Worth: $20.7 billion (Forbes, 2017)
Most billionaires, save for the young heirs and tech founders, have children who will presumably end up with their parents’ vast fortunes, or some cash at least. Not so with Paul Allen, the co-founder of Microsoft.
Instead, Allen’s money has gone to a billionaire’s lifestyle of fancy yachts and lavish parties while also contributing heaps of cash to charitable causes like medical research and environmental sustainability.
He also owns sports teams (Seattle Seahawks, Portland Trailblazers), and he might even have a solid gold toilet or two. We certainly would.
Worth: $3.9 billion (Forbes, 2017)
It’s true, God is a billionaire. And he’s also only 45.
God Nisanov made his money in real estate, and he does have a few odd developments to his credit. For instance, Nisanov and his partners own a giant wholesale food distribution center in Moscow that somehow resembles Paris, Madrid, Berlin, and Mexico City all at the same time, according to Forbes.
He also has an aquarium in Moscow, called Moskvarium, that is Europe’s largest and even allows visitors to swim with dolphins.
Not much else is known about God, which seems fitting for a man with that name.
Worth: $1.82 billion (Forbes, 2017)
Once dubbed “the homeless billionaire,” Nicolas Berggruen could be considered odd based on that title alone. He spent years without a permanent residence, living a nomadic yet ritzy life out of posh hotels and his private jet. But there’s so much more to this German-American dual citizen.
Berggruen has always had grand ideas about how society should operate, having penned at age 15 a constitution for a working utopian society. He is the son of renowned art collector Heinz Berggruen, a close friend of Picasso and a onetime lover of Freida Kahlo. He’s known to travel with only his phone and a few clothing items, leaving other clothes at his favorite hotels for his return visits.
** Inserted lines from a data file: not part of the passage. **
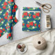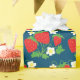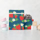 Strawberry and Flowers Pattern Blue Wrapping Paper
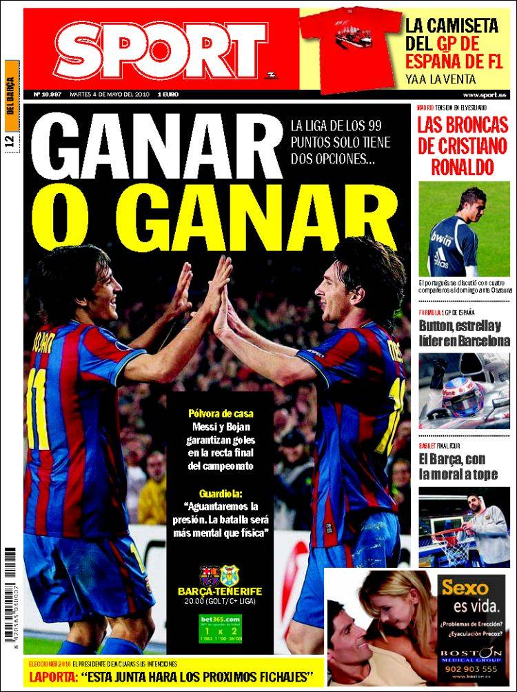Il quotidiano catalano Sport parla della Liga che vede il Barcellona in testa alla classifica con un punto di vantaggio sul Real Madrid. Per gli uomini di Guardiola c’è l’obbligo della vittoria in campionato dopo l’eliminazione dalla finale di Champions League per mano dell’Inter, per questo i quotidiani catalani spingono i blaugrana verso la vittoria in campionato.
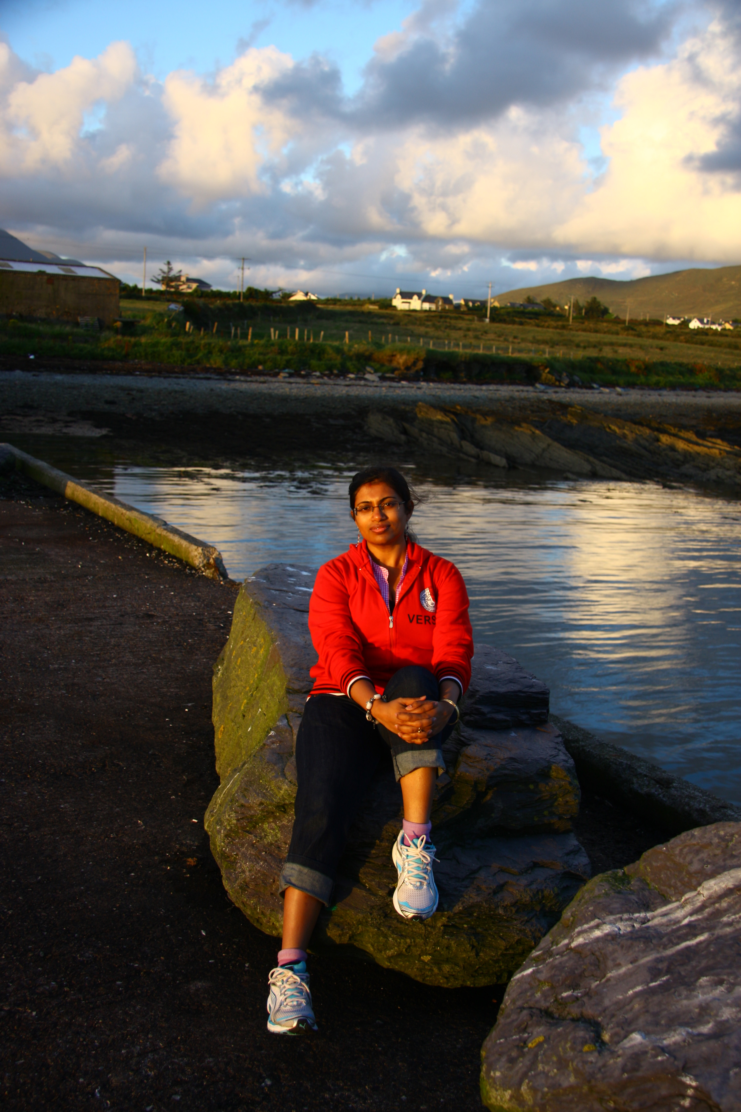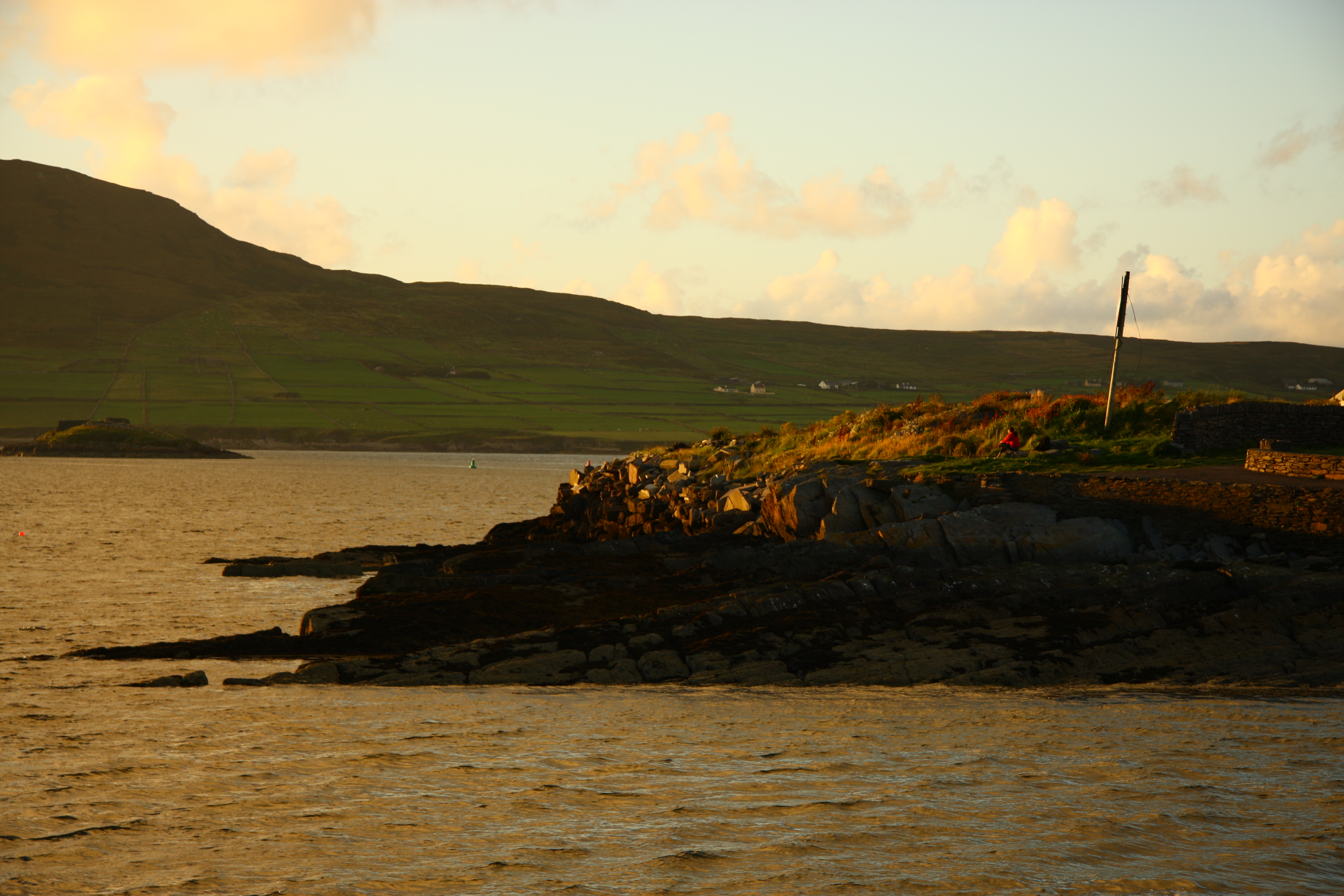 Finally he dropped us back to Killarney town center at around 5:30 pm. We took a taxi again from Mid kerry cabs for our journey to ‘Ferry view Hotel’ which was our next stay at Renard Point. It was a home converted B&B and was run by Jim and Mary Guirey. Our room was very cozy with a beautiful view of sea from the window. After changing we started towards the Renard Point which is around 10 mins walk from the hotel. We planned to take some pics of the beauty of Renard Point and the sunset before having our dinner at the only bar and restaurant there named ‘O’Neill’s, The Point’.The hotel was not difficult to find with proper signs given and moreover it as only one B&B located in that area. It had a amazing view surrounding it with vast colourful fields and the Renard Pier. The sea view was spectacular. We checked in and unpacked in our room. We could see the Valentia island from where we sat at the Renard point. It was so spectacular around us that given a chance would like to go back there again. We enjoyed the sunset with lots of photos taken by the professional photographer (who forgets about his pics);) 🙂
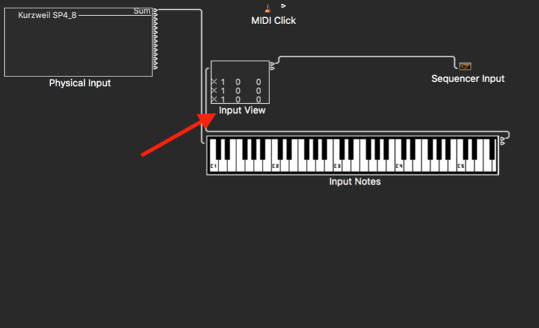 No worries, Pete. What do you see in Input View when you press a key on the SP-4? Does it display the incoming notes?
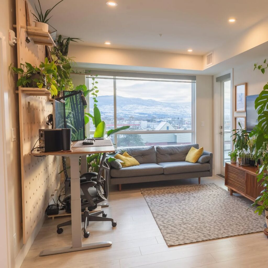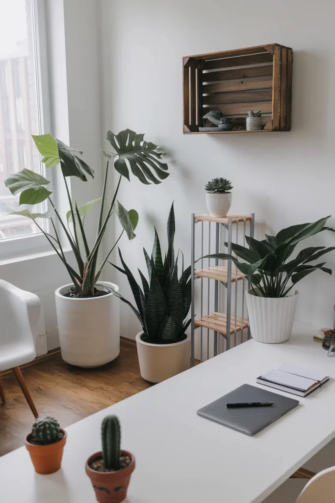 This home office setup demonstrates how to incorporate plants into functional work spaces without overwhelming the area. A large Monstera deliciosa anchors one side while a snake plant provides vertical structure in the center. A peace lily or similar broad-leafed plant balances the right side of the composition. Small cacti on the desk add personality without taking up valuable work surface. The arrangement proves that plants can enhance productivity spaces while maintaining the clean, organized aesthetic needed for focused work.
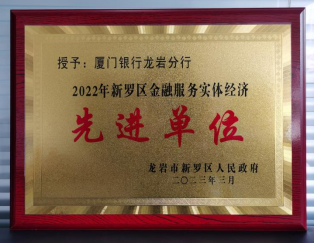 2023年3月9日,根據(jù)龍巖市新羅區(qū)人民政府通報(bào),廈門銀行龍巖分行榮獲“2022年新羅區(qū)金融服務(wù)實(shí)體經(jīng)濟(jì)先進(jìn)單位”榮譽(yù)稱號(hào)。
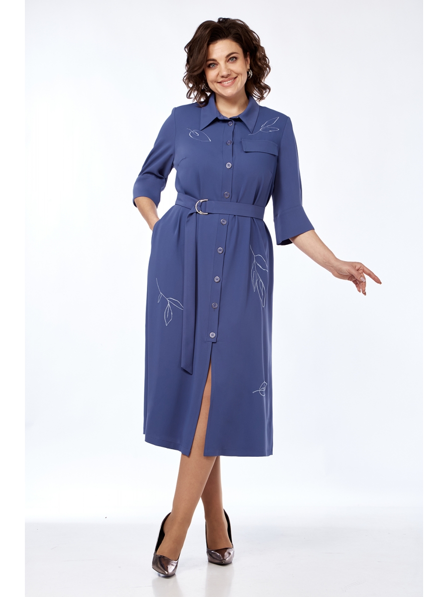 Платье женское, А-силуэта выполнено из плательной ткани. Воротник рубашечного типа, застежка центральная, фигурная планка на петли и пуговицы. Перед с нагрудными вытачками и ассиметричным клапаном в области груди. Спинка со средним швом. Рукава втачные со складками и притачной манжетой. Пояс выполнен из основной ткани с пряжкой. Платье декорировано дизайнерской вышивкой.

In 2016, he announced a $500 million grant for the Berggruen Institute think tank in Los Angeles.
He’s also somewhat obsessed with California as an economic and cultural powerhouse, having poured millions into the Think Long Committee that aims to repair the state’s broken governance system.
And he likes to throw pre-Oscars A-list parties at L.A.’s Chateau Marmont, which is actually the least odd thing Berggruen is known for.